Node:Extended GCD, Next:Jacobi Symbol, Previous:Accelerated GCD, Up:Greatest Common Divisor Algorithms
The extended GCD calculates gcd(a,b) and also cofactors x and
y satisfying a*x+b*y=gcd(a,b). Lehmer's
multi-step improvement of the extended Euclidean algorithm is used. See Knuth
section 4.5.2 algorithm L, and mpn/generic/gcdext.c. This is an
O(N^2) algorithm.
The multipliers at each step are found using single limb calculations for
sizes up to GCDEXT_THRESHOLD, or double limb calculations above that.
The single limb code is faster but doesn't produce full-limb multipliers,
hence not making full use of the mpn_addmul_1 calls.

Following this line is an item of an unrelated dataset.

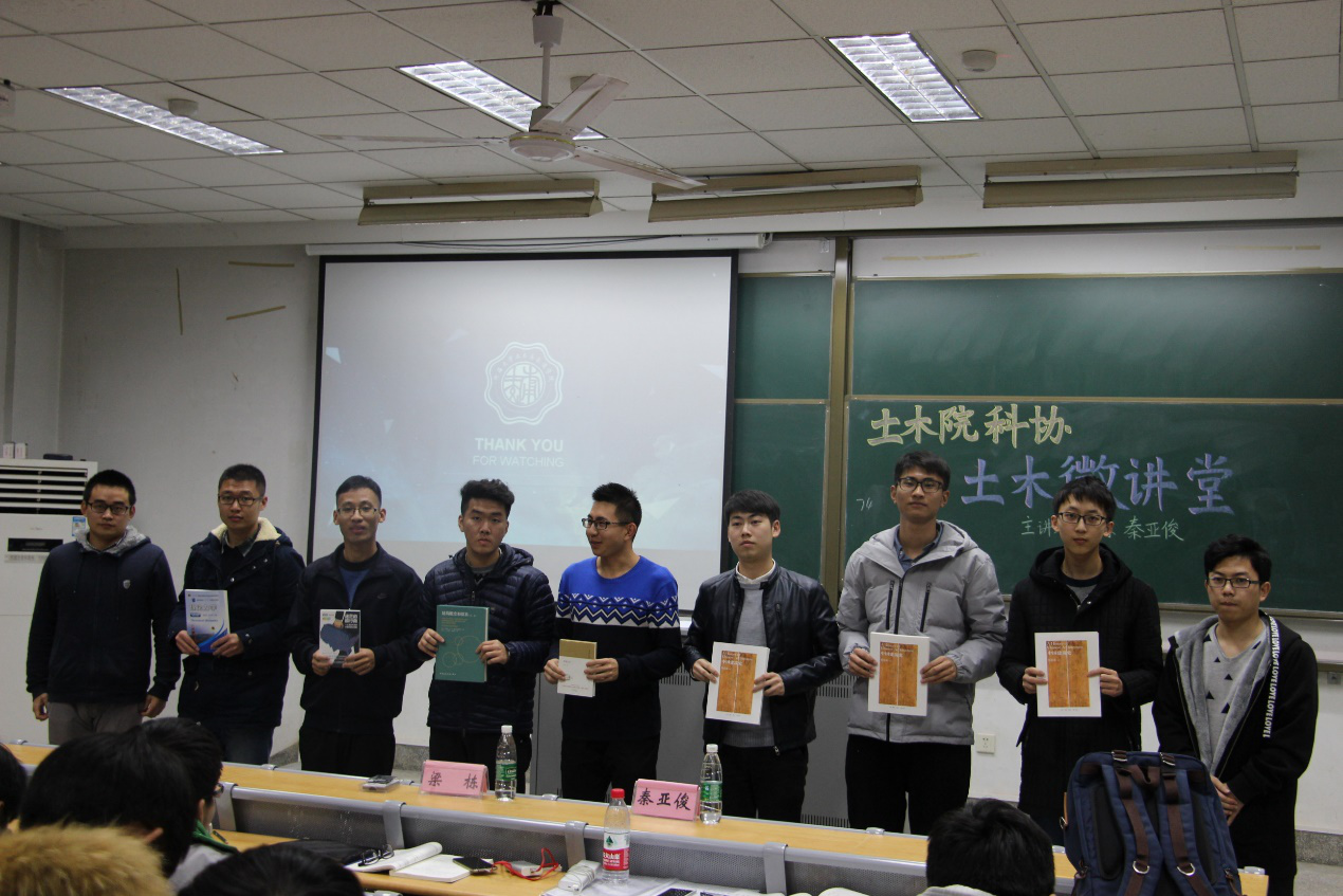 讲座结束后,举办赠书仪式。赠书活动是土木与交通学院的传统活动,每学期学院都会向各年级同学赠送与专业知识相关的书籍,旨在帮助同学们开扩眼界,提升专业素养。本次赠书书目有《中国建筑史》、《理论力学》、《结构概念与体系》等。两位主讲人将书籍赠送给了各班的同学代表。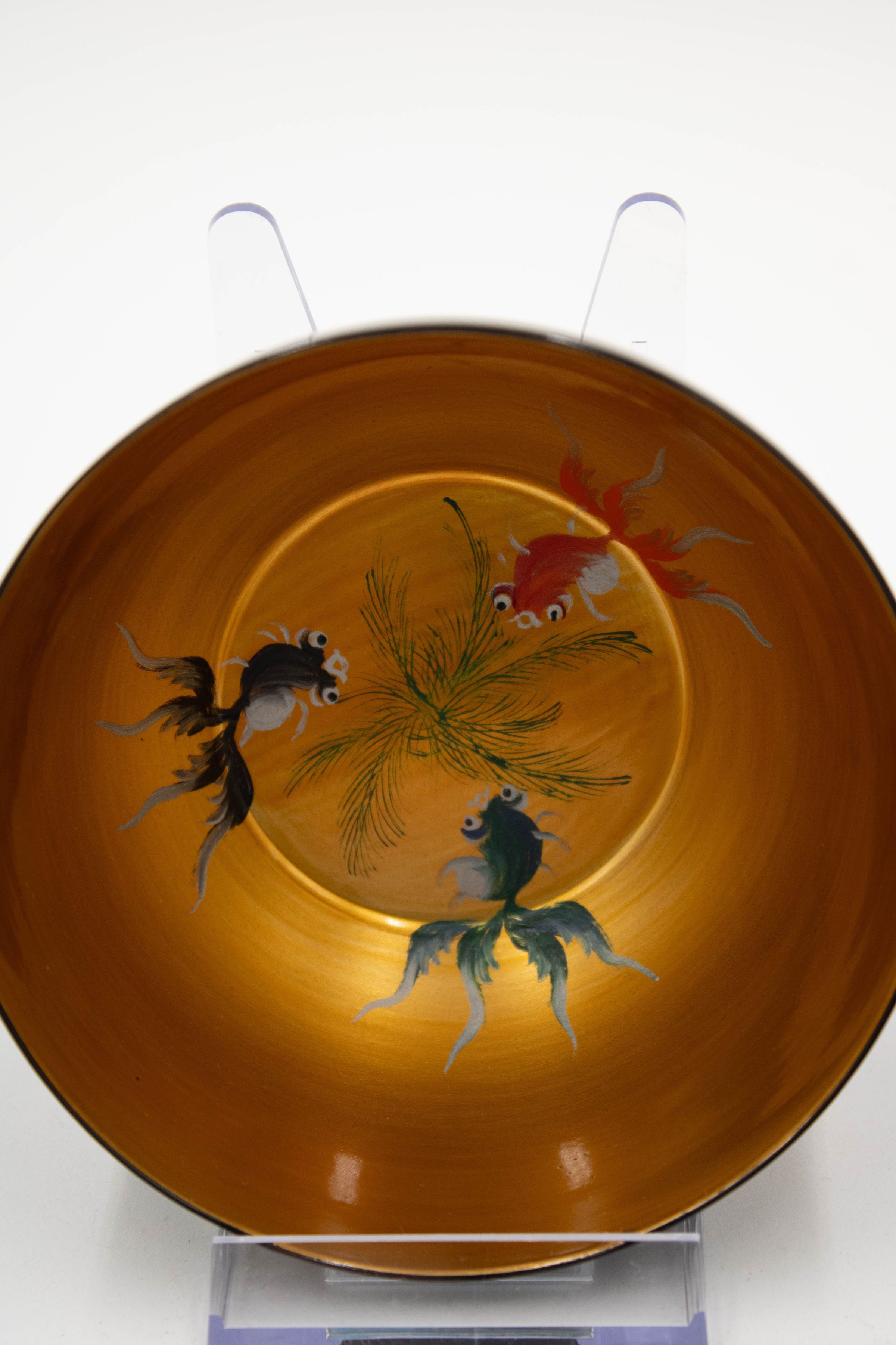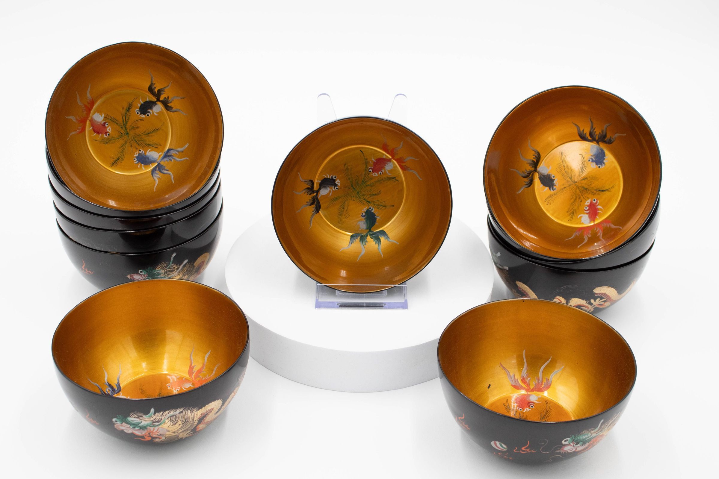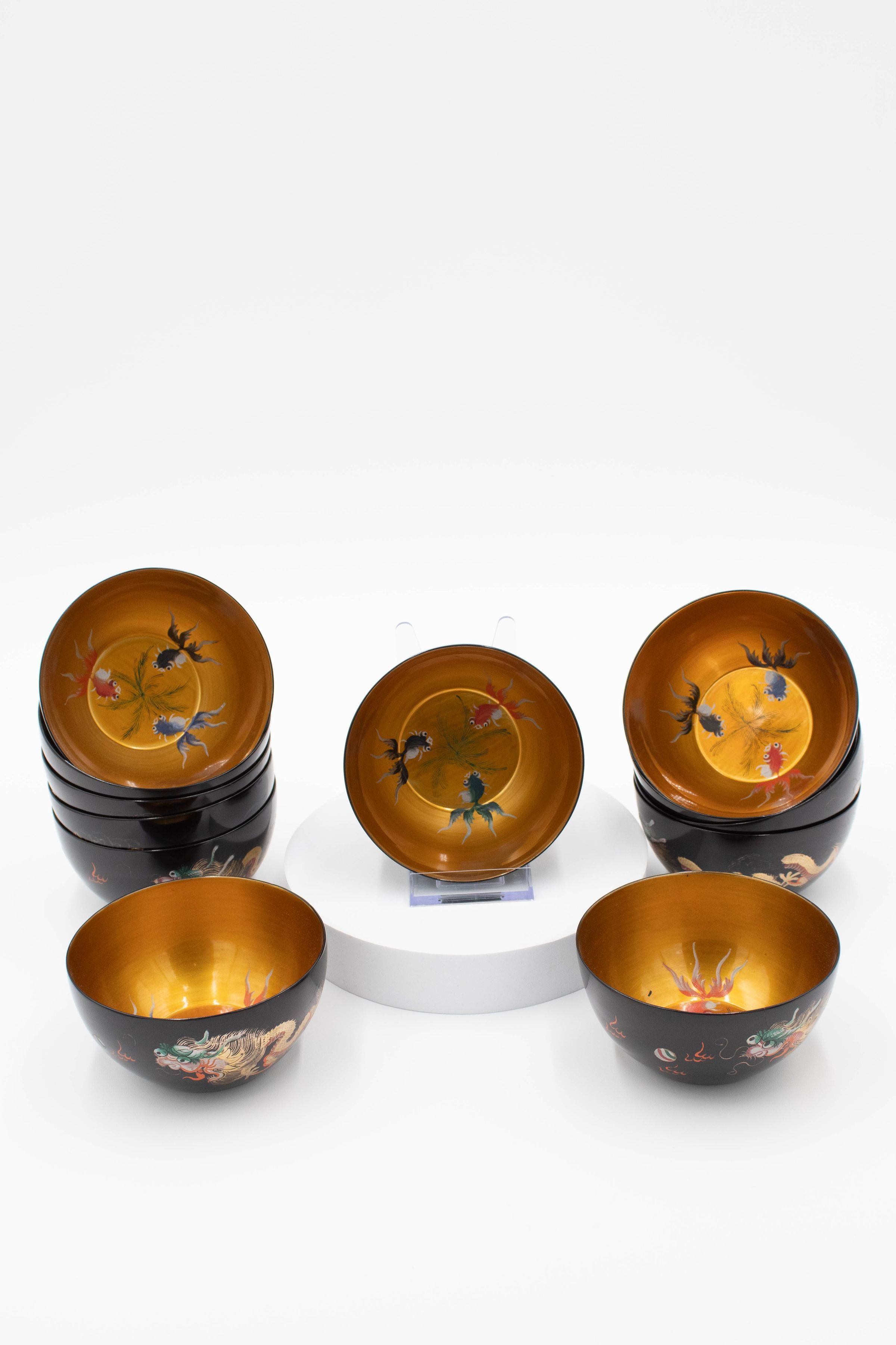 Set of 12 soups bowls decorated with a black exterior painted with a dragon and a gold interior painted with colorful goldfish. The bowls are lacquered and were made in China.Context

When a CPU has a data-dependent multiplier, meaning one which is faster on
operands with fewer bits, the extra work in the double-limb calculation might
only save some looping overheads, leading to a large GCDEXT_THRESHOLD.
Currently the single limb calculation doesn't optimize for the small quotients
that often occur, and this can lead to unusually low values of
GCDEXT_THRESHOLD, depending on the CPU.
An analysis of double-limb calculations can be found in "A Double-Digit Lehmer-Euclid Algorithm" by Jebelean (see References). The code in GMP was developed independently.
It should be noted that when a double limb calculation is used, it's used for the whole of that GCD, it doesn't fall back to single limb part way through. This is because as the algorithm proceeds, the inputs a and b are reduced, but the cofactors x and y grow, so the multipliers at each step are applied to a roughly constant total number of limbs.